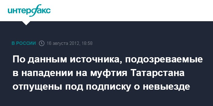 По данным источника, подозреваемые в нападении на муфтия Татарстана отпущены под подписку о невыезде
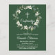 donkergroene bevestigingsbrochure met handgetekende illustraties van de waterverf van delicate witte bloemen, bladeren en bladeren. Houd er rekening mee dat enveloppen NIET bij dit ontwerp zijn inbegrepen. Als je enveloppen nodig hebt, controleer je collectie of koop je deze los van de markt.
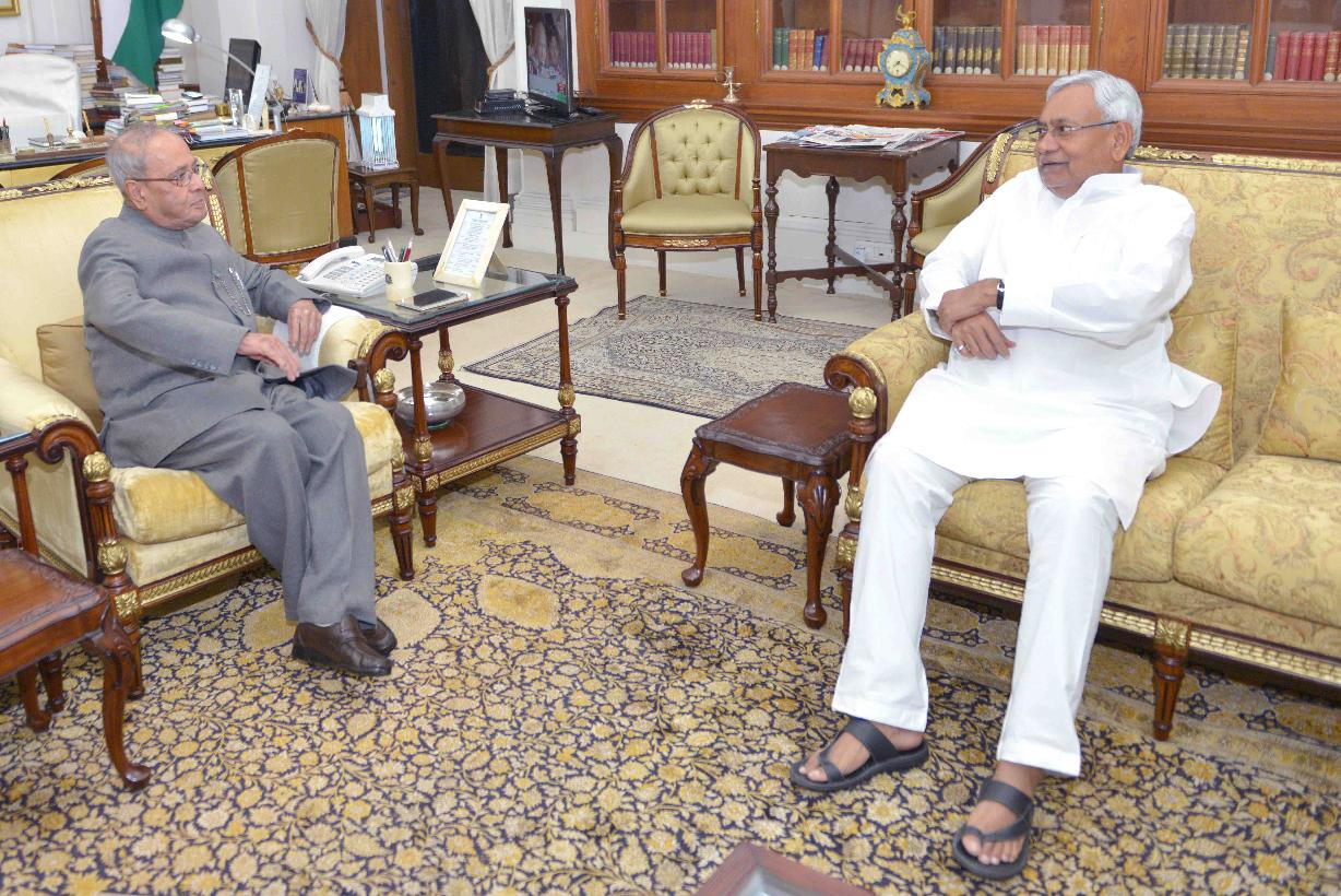| Caption: | The President of India, Shri Pranab Mukherjee meeting with Shri Nitish Kumar, Chief Minister of Bihar, at Rashtrapati Bhavan on May 08, 2017. |
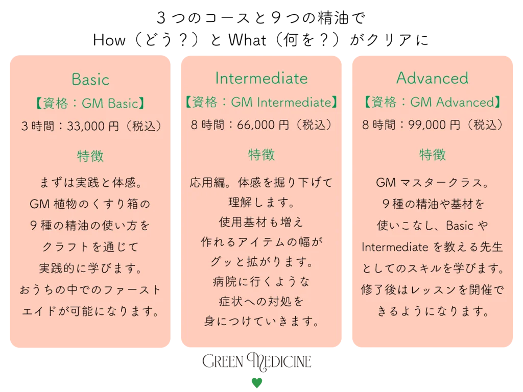 Green Medicineは、心身の健康と美しさを追求するための革新的なアロマテラピースクールおよびライフスタイルブランドです。 自社で直輸入している医療グレードの高品質なエッセンシャルオイルと、最新の皮膚科学に基づいた基材を使い、全く新しいアロマテラピーの実践をお伝えしています。

Exercise prompt: Down to the last line, set down the data above exactly, and omit all images.

Expected output:
 По данным источника, подозреваемые в нападении на муфтия Татарстана отпущены под подписку о невыезде
 donkergroene bevestigingsbrochure met handgetekende illustraties van de waterverf van delicate witte bloemen, bladeren en bladeren. Houd er rekening mee dat enveloppen NIET bij dit ontwerp zijn inbegrepen. Als je enveloppen nodig hebt, controleer je collectie of koop je deze los van de markt.
| Caption: | The President of India, Shri Pranab Mukherjee meeting with Shri Nitish Kumar, Chief Minister of Bihar, at Rashtrapati Bhavan on May 08, 2017. |
 Green Medicineは、心身の健康と美しさを追求するための革新的なアロマテラピースクールおよびライフスタイルブランドです。 自社で直輸入している医療グレードの高品質なエッセンシャルオイルと、最新の皮膚科学に基づいた基材を使い、全く新しいアロマテラピーの実践をお伝えしています。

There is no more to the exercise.